TASK TO CARRY OUT:
In the material below, print every line exactly and omit the pictures.

SUPPLIED DATA:
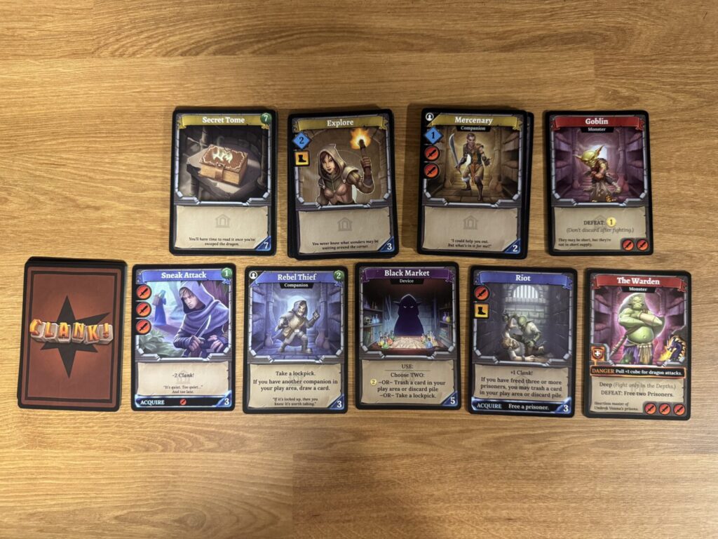Clank!: Catacombs is a deck-builder where each player starts with the same ten cards. Over the course of the game, players buy cards to add to their decks, hopefully building synergies that will allow them to navigate through the catacombs. The goal is to find an Artifact and return back to the Crypt space without filling up your Health Meter. Once all players have escaped the catacombs or have been knocked out, any players who managed to get an artifact who weren’t knocked out in the Depths (the deeper parts of the dungeon) get to tally up their points. Whoever has the most points wins.
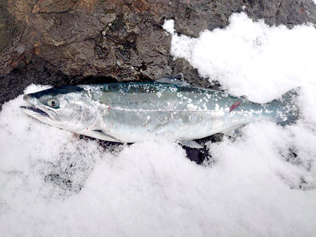 朝一ならぬ朝二くらいの時間から釣りをスタートした安藤さん。しばらく反応が無いまま時間が筋ていきましたが、目の前でモジりが発生!すかさずルアーをキャストすると即反応!再度キャストしなおすと待望の今季初サクラがヒット! その後も奥様のルアーにチェイスがあったり、モジりがみえたりもしましたが、ヒットまでは至らず・・・この日は終了となったそうです。
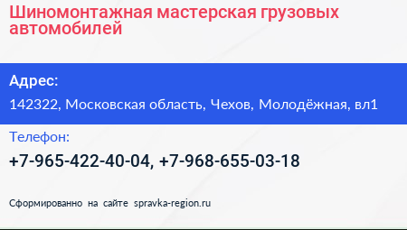 Шиномонтажная мастерская грузовых автомобилей по адресу 142322, Московская область, Чехов, Молодёжная, вл1 в дальнейшем Организация, размещена в следующих категориях:
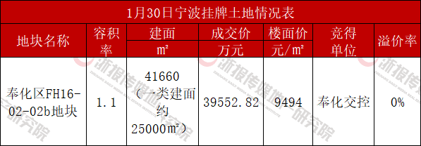 住在杭州网1月30日讯(记者 郑青青 通讯员 万雪丽)今日,宁波市本级2026年度首宗住宅用地出让,奉化区FH16-02-02b地块,由宁波奉化元璟置业有限公司(奉化交控)以总价39552.82万元竞得,成交楼面价约9494元/㎡。

SOLUTION TO THIS PROBLEM:
Clank!: Catacombs is a deck-builder where each player starts with the same ten cards. Over the course of the game, players buy cards to add to their decks, hopefully building synergies that will allow them to navigate through the catacombs. The goal is to find an Artifact and return back to the Crypt space without filling up your Health Meter. Once all players have escaped the catacombs or have been knocked out, any players who managed to get an artifact who weren’t knocked out in the Depths (the deeper parts of the dungeon) get to tally up their points. Whoever has the most points wins.
 朝一ならぬ朝二くらいの時間から釣りをスタートした安藤さん。しばらく反応が無いまま時間が筋ていきましたが、目の前でモジりが発生!すかさずルアーをキャストすると即反応!再度キャストしなおすと待望の今季初サクラがヒット! その後も奥様のルアーにチェイスがあったり、モジりがみえたりもしましたが、ヒットまでは至らず・・・この日は終了となったそうです。
 Шиномонтажная мастерская грузовых автомобилей по адресу 142322, Московская область, Чехов, Молодёжная, вл1 в дальнейшем Организация, размещена в следующих категориях:
 住在杭州网1月30日讯(记者 郑青青 通讯员 万雪丽)今日,宁波市本级2026年度首宗住宅用地出让,奉化区FH16-02-02b地块,由宁波奉化元璟置业有限公司(奉化交控)以总价39552.82万元竞得,成交楼面价约9494元/㎡。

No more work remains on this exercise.